US 11,929,078 B2
	Method and system for user voice identification using ensembled deep learning algorithms
Shanshan Tuo, San Jose, CA (US); Divya Beeram, Newwark, CA (US); Meng Chen, Sunnyvale, CA (US); Neo Yuchen, Arcadia, CA (US); Wan Yu Zhang, Milpitas, CA (US); Nivethitha Kumar, Cupertino, CA (US); Kavita Sundar, Redwood City, CA (US); and Tomer Tal, Cupertino, CA (US)
Assigned to Intuit, Inc., Mountain View, CA (US)
Filed by INTUIT INC., Mountain View, CA (US)
Filed on Feb. 23, 2021, as Appl. No. 17/183,006.
Prior Publication US 2022/0270611 A1, Aug. 25, 2022
Int. Cl. G10L 17/04 (2013.01); G06F 21/32 (2013.01); G06N 20/20 (2019.01); G10L 17/18 (2013.01); G10L 17/26 (2013.01); G10L 21/0208 (2013.01)

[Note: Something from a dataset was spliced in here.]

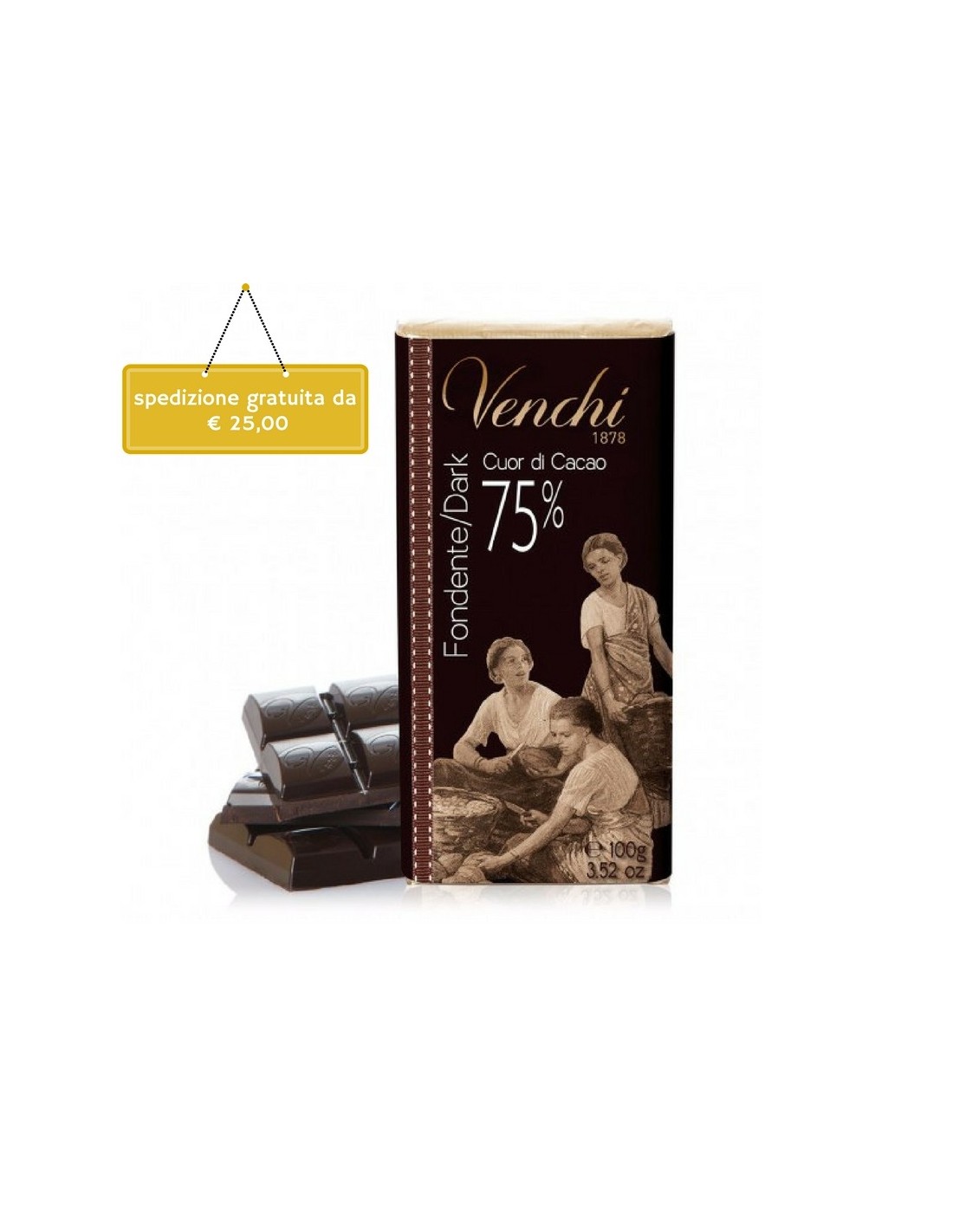 Tavoletta di cioccolato extra fondente 75% con cacao.

CPC G10L 17/04 (2013.01) [G06F 21/32 (2013.01); G06N 20/20 (2019.01); G10L 17/18 (2013.01); G10L 17/26 (2013.01); G10L 21/0208 (2013.01)]

18 Claims

1. A method for training a user detection model to identify a user of a software application based on voice recognition, comprising:

receiving a data set including a plurality of recordings of voice interactions with users of a software application;

generating, for each respective recording in the data set, a spectrogram representation based on the respective recording, wherein the spectrogram representation is normalized with respect to a minimum amplitude and a maximum amplitude;

training a plurality of voice recognition models, wherein each model of the plurality of voice recognition models is trained based on the spectrogram representation for each of the plurality of recordings in the data set;

selecting, for a selected speaker of a plurality of speakers, an evaluation set of recordings;

identifying a similar speaker to the selected speaker by:

providing inputs based on the evaluation set of recordings to one or more of the plurality of voice recognition models, and

receiving an output from the one or more of the plurality of voice recognition models identifying the similar speaker as the selected speaker;

re-training the one or more of the plurality of voice recognition models based on a mapping of the selected speaker to the identified similar speaker; and

deploying the plurality of voice recognition models to an interactive voice response system.